During their presentation, “Validation of an exhaled nitric oxide model pulmonary hyperoxic stress,” Fothergill and his colleagues explained how they can accurately predict the relative change in expired nitric oxide after prolonged dry and immersed dives. Their results show a decrease in expired nitric oxide that occurs when breathing high partial pressures of oxygen for prolonged periods, and how it offers a potential window into the amount of oxidative stress experienced by the pulmonary system during a hyperbaric oxygen exposure.

They further explained how the percentage change in expired nitric oxide occurs during an oxygen exposure can now be accurately predicted from a negative exponential function of the hyperoxic dose of the exposure.

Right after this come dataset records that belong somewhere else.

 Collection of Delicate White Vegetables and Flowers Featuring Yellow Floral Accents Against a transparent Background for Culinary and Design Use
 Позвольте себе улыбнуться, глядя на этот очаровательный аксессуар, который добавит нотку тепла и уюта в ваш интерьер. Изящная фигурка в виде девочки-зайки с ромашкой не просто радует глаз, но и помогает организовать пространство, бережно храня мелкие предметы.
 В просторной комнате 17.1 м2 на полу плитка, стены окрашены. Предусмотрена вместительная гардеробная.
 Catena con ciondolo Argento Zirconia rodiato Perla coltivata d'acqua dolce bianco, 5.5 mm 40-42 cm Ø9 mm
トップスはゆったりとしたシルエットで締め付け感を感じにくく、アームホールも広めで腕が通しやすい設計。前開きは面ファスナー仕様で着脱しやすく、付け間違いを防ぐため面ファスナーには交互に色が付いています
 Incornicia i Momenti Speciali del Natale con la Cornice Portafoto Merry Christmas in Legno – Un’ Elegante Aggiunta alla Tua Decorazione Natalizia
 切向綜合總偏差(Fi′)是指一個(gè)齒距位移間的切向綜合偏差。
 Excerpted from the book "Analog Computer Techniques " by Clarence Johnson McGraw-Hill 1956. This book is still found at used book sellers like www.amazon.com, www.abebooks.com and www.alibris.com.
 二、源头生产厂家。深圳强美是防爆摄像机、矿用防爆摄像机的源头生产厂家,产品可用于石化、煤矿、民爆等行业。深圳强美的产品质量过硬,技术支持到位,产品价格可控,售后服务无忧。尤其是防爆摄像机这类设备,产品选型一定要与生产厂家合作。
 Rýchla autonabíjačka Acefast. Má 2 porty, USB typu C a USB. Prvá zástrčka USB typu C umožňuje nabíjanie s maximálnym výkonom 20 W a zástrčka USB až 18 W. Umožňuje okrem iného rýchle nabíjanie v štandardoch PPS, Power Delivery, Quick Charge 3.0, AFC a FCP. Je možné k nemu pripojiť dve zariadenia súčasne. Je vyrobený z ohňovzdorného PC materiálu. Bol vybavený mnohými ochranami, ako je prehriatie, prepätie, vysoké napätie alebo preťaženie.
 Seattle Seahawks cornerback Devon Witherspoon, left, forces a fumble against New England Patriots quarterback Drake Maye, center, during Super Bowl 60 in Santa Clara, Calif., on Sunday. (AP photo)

“Individuals with low levels of expired nitric oxide appear to be at most risk of experiencing symptoms of pulmonary oxygen toxicity, especially during a challenging exposure to hyperbaric oxygen,” Fothergill said. “Oxygen toxicity can cause damage to a diver’s lung tissue or even cause lung failure. Our findings permit us to emphasize health and resilience as key components of warfighter performance.”

Fothergill and his colleagues Lt. Cmdr. Warren Ross, an undersea medical officer and Dr. John Florian, a senior research physiologist and the head of Warfighter Human Performance at the Navy Experimental Diving Unit, agree the relative decrease in expired nitric oxide occurs following a lengthy dive reflects a pulmonary hyperoxic stress response for challenging oxygen exposures, can be accurately predicted from the oxygen dose of the dive profile.

“For the first time we now have a non-invasive biomarker, which will allow us to predict a diver’s vulnerability to respiratory oxygen toxicity,” said Ross.